All will be well again, all will be well. We will not be so angry anymore, and not so tired, and maybe, just maybe, not so greedy or callous, but noble and caring and quiet and strong. What is that but the heartfelt cry of longing for the True King, and chance to be the people that he could make us into?

And we Americans aren’t immune from that hunger for someone to make us our best selves either. We just call them Presidents and go through them faster. “Ask not what your country can do for you—ask what you can do for your country.” Yes, you can. Si se puede. Remember the heady days of Obama’s first campaign? That was a real thing: the hunger to have a True President, at least for a while. We hoped he would make us our best selves.

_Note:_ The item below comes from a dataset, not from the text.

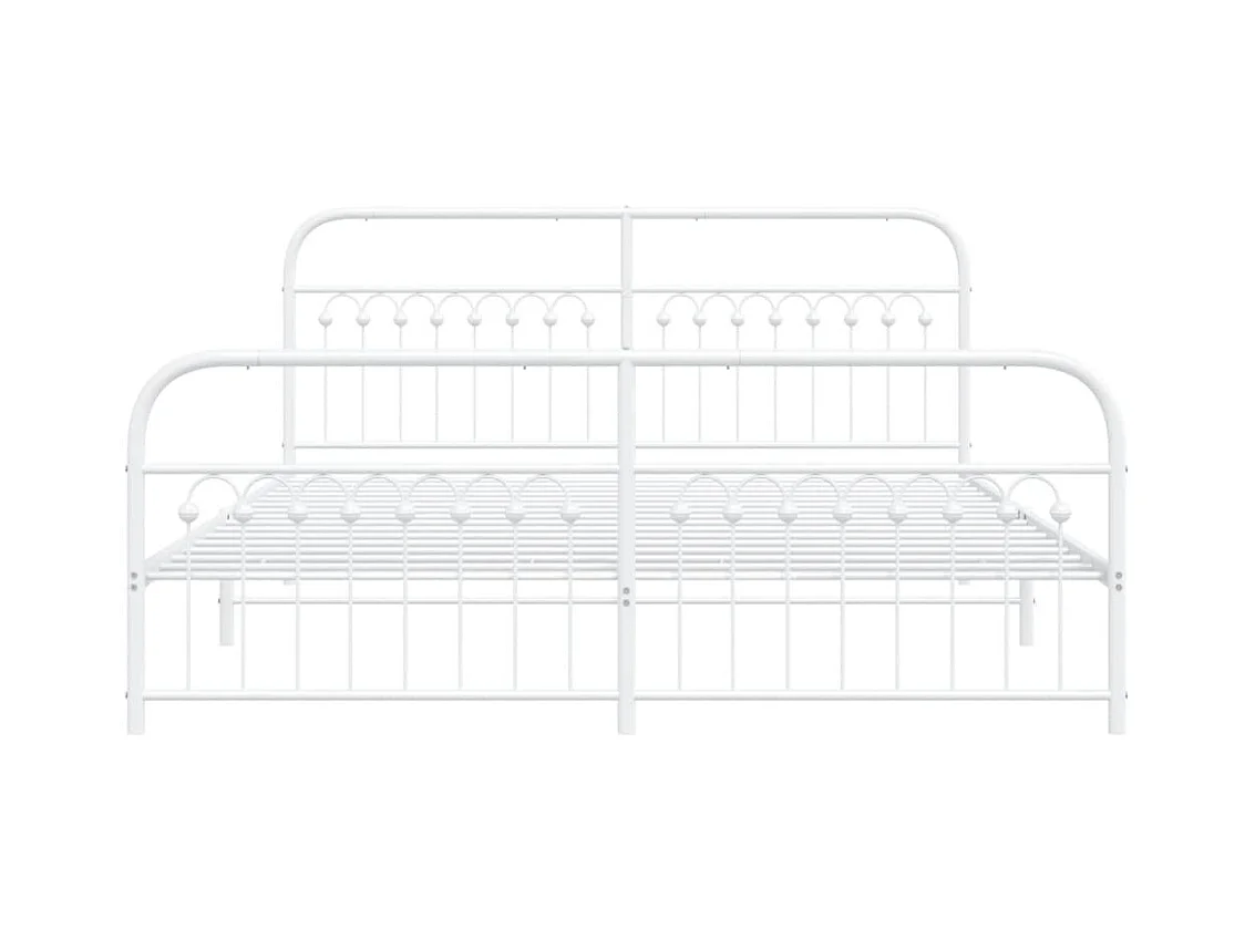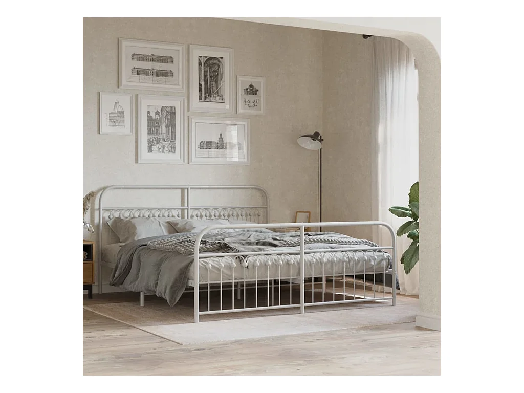 Lit double métal + tête de lit/pied de lit blanc 183x213cm FR74164

As it happens, two of my three monarchies are in transition at the moment. The monarchy of my residence is easy: Willem-Alexander will be a perfectly adequate king, just as his mother was a perfectly adequate Queen. We’ll sing the Wilhemus and wear orange for his birthday; there may be drinking and flea markets. All will be pretty much OK. May my second-passport monarchy (Windsor) do as well.

But my first monarchy is the one that concerns me right now. The organization is in deep, structural trouble. The holder’s sudden choice to vacate the throne is worrying, and I am torn between curiosity and dread to hear (what we will ever hear of) why he really stepped down. And although I’m sure the Conclave is intending to vote for the Pope who will make us all our best selves, I don’t think they’re the right electorate to identify him. I think they, and the entire hierarchy, have forgotten (or never knew) what it is to be a Catholic in the world. I don’t think they will elect a Pope who will make us our best selves (or them their best selves), and when he does not, I think they will continue to blame everyone but themselves.

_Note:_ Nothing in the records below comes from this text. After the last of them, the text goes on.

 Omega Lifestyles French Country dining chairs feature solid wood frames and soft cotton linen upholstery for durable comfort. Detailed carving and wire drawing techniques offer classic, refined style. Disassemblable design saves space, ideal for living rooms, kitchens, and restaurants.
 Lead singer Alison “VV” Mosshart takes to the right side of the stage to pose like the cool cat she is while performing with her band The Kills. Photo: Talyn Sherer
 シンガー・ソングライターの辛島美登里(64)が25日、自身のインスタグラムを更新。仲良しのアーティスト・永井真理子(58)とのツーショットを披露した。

I wish it were not so. I’d love a Pope who renewed the church, and turned us from an engine of politics and condemnation to one of love and healing. That’s what I hope for. But I know better than to expect it. Because the True Monarch is a fairy tale, no more real than its cousin-myth of the Philosopher’s Stone. The Conclave will choose someone in scarlet robes who won’t, even if he wants to, be able to turn the rumbling Juggernaut of the hierarchy from its course. In the same way, Willem-Alexander will open hospitals, kiss babies, and change nothing. And Obama will send out more drones.

But the fact that fairy tales don’t come true doesn’t rob them of their value. The problems they describe are real, even if the solutions that follow aren’t. There are no True Monarchs, but the hunger to be our best selves endures. In the end—as in the beginning and the middle—we turn ourselves into those best selves, every day, piece by piece and act by act.


* My favorite task doesn’t really fit the list of classic quests. Stach has to stop four houses of worship that travel endlessly though the streets of Uikumene: a Catholic church, a Protestant church, a synagogue and a mosque. They grind along the roads accompanied by dust and deep rumbling noises, steered by deacons using great wheels behind the pulpits, and worshipers have to run alongside them and hop aboard. It’s wonderful imagery. Stach plots four courses that bring them together in the central square, so that their ceaseless magical momentum holds them in dynamic stasis. He and the mayor use a shared choral performance to coordinate the movements, meaning that the magnificent endeavor is completed to the strains of Ode to Joy. Because, Europe.